Что касается Октавиана, то он признавался, что реальное мало привлекает его, — и не потому, что он по-школярски увлечен мечтами, где, как в мадригале Демустье, благоухают лилии и розы, а потому, что любая красавица окружена прозаическими, отталкивающими мелочами; слишком много тут ворчливых отцов, украшенных орденами, кокетливых матерей с живыми цветами в накладных волосах, румяных кузенов, готовых решиться на любовное признание, нелепых теток, влюбленных в своих собачек. Достаточно ему было увидеть на стене в комнате женщины акватинту с картины Ораса Верне или Делароша, чтобы в сердце его зачахла нарождающаяся страсть. Он был склонен к поэзии даже больше, чем к любви, и место свидания он представлял себе не иначе как на террасе Изоля-Белла или на берегах Лаго-Маджоре. Ему хотелось бы вырвать свою любовь из обыденной жизни и перенести ее куда-нибудь на звезды. Поэтому он поочередно пылал безумной, неосуществимой страстью ко всем прославленным женщинам, запечатленным в истории или в произведениях искусства. Подобно Фаусту, он был влюблен в Елену, и ему хотелось бы, чтобы волны столетий донесли до него одно из тех божественных воплощений человеческой мечты, форма которых, недоступная для взора пошляков, все же постоянно пребывает во времени и пространстве. Он создал себе идеал, помышляя о Семирамиде, Аспазии, Клеопатре, Диане де Пуатье, Жанне Арагонской.
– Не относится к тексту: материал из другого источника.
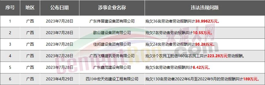 广西6家房企、建企欠薪被通报或处罚,涉及金额564.52万元
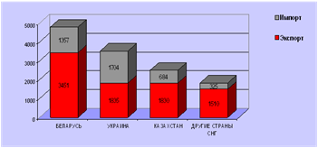 Диаграмма 2. - Внешняя торговля Российской Федерации со странами СНГ в I квартале 2009 г. ( по данным таможенной статистики, млн. долларов США)
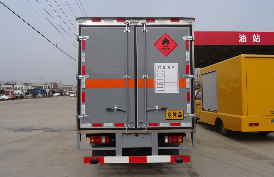 2類:獨立容器包裝的介質為:GB 12268-2012《危險貨物品名表》第2.1項的液化石油氣,壓縮天然氣氣瓶,2.2項中的氧氣,氮氣,二氧化碳氣瓶。 3類:獨立容器(瓶)包裝的乙醛,甲(乙)苯,丙酮,樟腦油,二硫化碳,二丁醚,煤油,甲(乙)醇,液體粘合劑,涂料或涂料溶液,甲醛溶液,印刷油墨或相關材料等.運輸介質類別:3。 廂體工藝材質: 1、廂體部分:廂體為雙層金屬骨架結構,外部為冷扎鋼板,內壁采用鋁合金板蒙面,夾層為隔熱阻燃材料填充。設置對開門,側壁設有防雨功能自然通風窗口,以使廂內外空氣流動,廂體內部做防靜電處理,廂體底部與廂內前部鋪有阻燃導靜電膠板,并與底盤等電位連接,通過車輛后端的導靜電裝置與大地相連,可防止靜電火花的產(chǎn)生和車輛靜電及時釋放,提高易燃氣體廂式運輸車的安全性。廂體內部前面和側面裝有固定拉環(huán),與捆綁帶使用捆綁貨物以避免移動,保證安全。 2、 防漏報警器:是感測車廂內火情的專用裝置,安裝在車廂內頂部,并與駕駛室內報警裝置連接,當有火情煙霧出現(xiàn),在駕駛室進行蜂鳴報警通知駕駛員,保證及時消除險情。 3、防盜報警器:為了保證安全,在車廂后方和側面開設有門,在各門器框上方安裝有門磁開關報警器(根據(jù)用戶要求選裝防盜監(jiān)視器。行車記錄儀等)當廂門被打開時,駕駛室內的蜂鳴器發(fā)出報警聲音,不使用時可將駕駛室內的控制開關關閉?杀WC在行駛過程中,整車始終處于受控狀態(tài)。 4、整車發(fā)動機排氣裝置采用前置式,并安裝有排氣火花熄滅器(防火罩),防止熱源對爆炸物產(chǎn)生不良影響。 5、底盤上裝有兩條拖地導靜電膠帶,廂體外側安裝示廓標記燈以及手提滅火器等安全裝置。 6、車身顏色為黃色,并有“嚴禁煙火”和“易燃”字樣,貼有反光標識。 底盤配置: 采用五十鈴600P底盤,五十鈴120馬力國五柴油發(fā)動機,5檔變速箱,7.00鋼絲胎,前橋盤式制動,前置排氣管,ABS,限速80Km。 |

Иной раз он влюблялся в статуи, а однажды, когда он проходил в музее мимо Венеры Милосской, у него вырвался вопль: «О, кто возвратит тебе руки, чтобы ты могла прижать меня к своей мраморной груди!» В Риме у него начался странный бред при виде пышной прически с косами, извлеченной из античной могилы: он подкупил сторожа и, добыв таким образом два-три волоска, вручил их весьма могучей сомнамбуле, чтобы она вызвала тень и образ покойной; но за протекшие века флюид-проводник совсем испарился, и видение не могло появиться из вековечной тьмы.
|
Стоя перед витриной в Студи, Фабио понял, что отпечаток, найденный в подвале виллы Аррия Диомеда, вдохновляет Октавиана на безрассудные порывы к давно исчезнувшему идеалу, — юноше хотелось выйти за пределы времени и жизни и перенестись душою в век Тита.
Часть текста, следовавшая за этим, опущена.